但现代生活也有其消极的一面。压力通常被视为缩短寿命的因素--尽管这种影响也许不像大家想象的那样致命,否则以工作时间长而闻名的日本人就不会有世界上最长的平均寿命了。
另一个有害的影响则是变胖。许多富裕国家中大约10-20%的成年人,美国则是30%以上,都患有肥胖症。超重者罹患心血管、呼吸道疾病,癌症,二型糖尿病和其他缩短寿命的疾病的风险都大为增加,尽管还不清楚其负面影响是否大到抵消使其长寿的正面影响。
而且平均寿命不仅可能增加,也可能会减少。20世纪八十年代,在东欧许多地区,这一数字因该地区的剧变开始下降,尽管随后又略有回升,但仍未恢复20世纪60年代的水平。
几乎全世界的人都能通过一些合理行为延长生命,包括不抽烟,适度饮酒,多吃水果和蔬菜,定期运动。受过良好教育的人往往能更好地遵守这些规则,因而他们作为一个群体远比只受过基础教育的人长寿。不公平的是,较为富有的人也比那些境遇不佳的人活得更久,特别是在发达国家。
但所有这些都只是小修小补。人类的梦想是从根本上征服衰老,科学家正孜孜以求。以手术替换人体衰竭的器官已是成熟的技术,并且还将随干细胞技术的引入更上一层楼。对小白鼠的实验显示,受到严格限制的均衡饮食能将寿命提高30%左右。但没人知道这对人类是否有效,即使有效,大概这么做的人也不会多。
人类的远期期望是通过操纵正确的基因,找到终止衰老的方式,从理论上来说,这会使人类近乎永生(尽管他们仍可能死于意外或疾病).但如果这真的可行,我们必须仔细斟酌其后果。在乔纳森?斯威夫特的格列佛游记中,主人公遇到一个不死人部落"斯特鲁布鲁格",他们远非智慧安宁,是个悲惨的群体:"每逢葬礼,他们便哀叹抱怨,自己永远无法象他人那样进入安息之所。"
老当益壮
富裕国度的人们如今可以指望他们的平均寿命比100年前长25年。这是福祉还是"斯特鲁布鲁格"式的诅咒?显然,这要看他们是和以前一样,在同一年龄变得年老体衰,只是苟延残喘更长时间,还是老当益壮地度过延长的寿命。
多数证据支持更令人鼓舞的那种看法。由杜克大学的Kenneth Manton主持的研究发现,近几年,美国65岁以上行为能力丧失的老人人数大为减少。在其他富裕国家,情况则更为复杂。最近经合组织对其12个成员国进行调查,发现其中5个国家(包括美国)丧失行为能力的老人明显减少。但其他研究却显示更为乐观的结果。
总体看来,现代人似乎能更长时间保持身体健康。此外,告别人世前的患病时间在过去几十年中也有所缩短,人口学家称之为"病态期压缩"(根据经验,个人医疗保健的支出的大头都集中在生命的最后一、二年,特别是最后半年。)造成这种压缩的原因多样,包括从体力劳动转向物理强度不大的白领工作;教育程度提高;医疗保健大为改善,从关键手术到心脏起搏器各方面医学技术都大大提高。据说,现在,80岁就是新的65岁。
但即使是身体状况相当好的老年人也比年轻人更需要医疗保健,这特别是因为他们通常受慢性病折磨,而慢性病治疗费用昂贵。
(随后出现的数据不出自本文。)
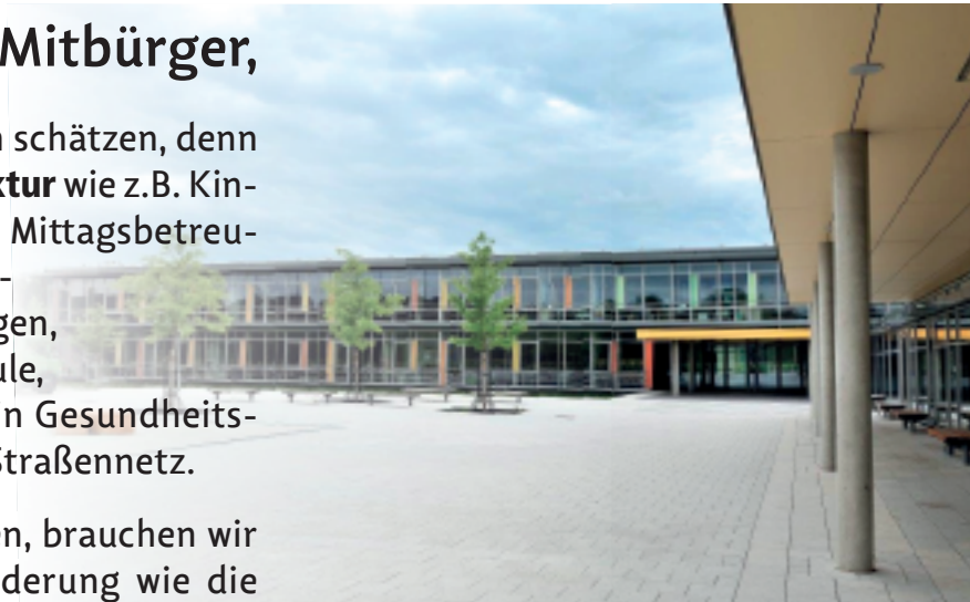
Durch eine stimmige Standortplanung ist es gelungen, die neue Realschule des Landkreises zu uns nach Kaufering zu holen.

Nachstehend beschreiben wir deshalb investive Maßnahmen im Rahmen einer behutsamen Weiterentwicklung , zu der wir uns als „Kauferinger Mitte“ bekennen und deren Finanzierungsmöglichkeiten wir skizzieren. Zur besseren Übersicht haben wir nach Themenblöcken geordnet, was aber bedingt, dass aus der Reihenfolge noch nicht auf die Dringlichkeit geschlossen werden kann.

欧盟的一个预计显示,用于老年人的医保支出占了整个医保支出的30-40%.尽管老龄化人口更为良好的健康状况对许多人都有好处,但这是否会给公共健康预算带来无法负担的负担?
过去几十年中,所有经合组织国家的健康支出远比它们的经济增长更快。老龄化人口则会进一步推动这种趋势。经合组织的卫生保健专家Howard Oxley推测,在老年人健康和对他们长期照顾方面所增加的支出,到本世纪中期,将达到富有国家GDP的 3.5%;而且这种支出还会大为增加--如果用于发展医疗技术的费用以现有速度继续增加的话。
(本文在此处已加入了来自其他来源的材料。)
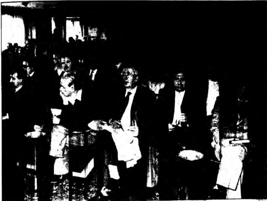
Στημιότυπο από την έκτακτη Γ.Σ. των Προέδρων Συλλόγων της χώρας στις 7/2/1989, στο «Γνωστικό Κέντρο των Ηπερωτών».
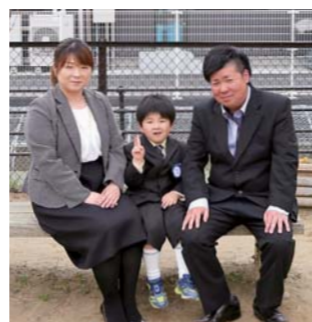
登米北上こども園

慣れ親しんだ北上保育園が閉園して、名残惜しさもあります。新しい場所で不安もありますが、先生に頼るところが大きいです。子どもには、病気やけがなく元気に通園してほしいと思います。

如果根据医保占GDP的比例来衡量,那美国高居榜首,它这方面的支出相当于其GDP的15%(见图4).由于其老年医疗保健制度、国家出资的老年人和残疾人医保项目、针对穷人的公共医疗补助制度(通常也针对老人,因为这一制度覆盖较长时期),老龄化将严重影响美国政府的医保支出。
总统巴拉克?奥巴马决心改革美国的医疗保健系统,以达到提高覆盖面、最终降低成本的目的。更多投入并非总能产生更好的结果。美国人不如英国人健康也不如他们活得长,而按比例算,英国人的医保支出只相当于美国人的一半略多。据哈佛大学的经济学教授David Cutler说,就连医生也认为美国约30%用于医保的钱是浪费掉的。Cutler教授曾就医保改革向总统提出建议。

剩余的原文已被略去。